Given information:
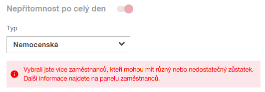 Zaměstnanci a vedoucí mohou absenci vytvořit pouze tehdy, pokud jsou vybrané dny v rámci dostupného zůstatku.
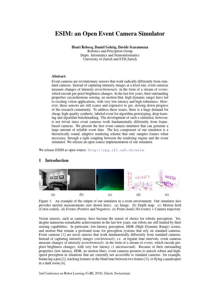 A simple event camera simulator was presented in [22] and implemented as a plugin for the Gazebo
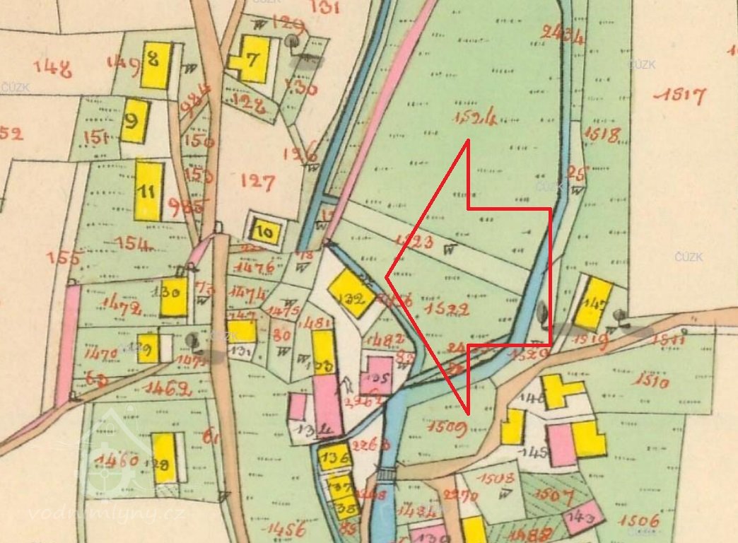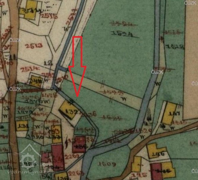 Uveden již na 1. VM s rybníkem. V seznamu z r. 1930 již uveden jako továrna na vyšívání. Dnes zachován pouze náhon.

Your assignment:
Take the lines from the one containing "A simple event" through the final line of the listing above and print them exactly, including both ends but no pictures.

Written response:
 A simple event camera simulator was presented in [22] and implemented as a plugin for the Gazebo
 Uveden již na 1. VM s rybníkem. V seznamu z r. 1930 již uveden jako továrna na vyšívání. Dnes zachován pouze náhon.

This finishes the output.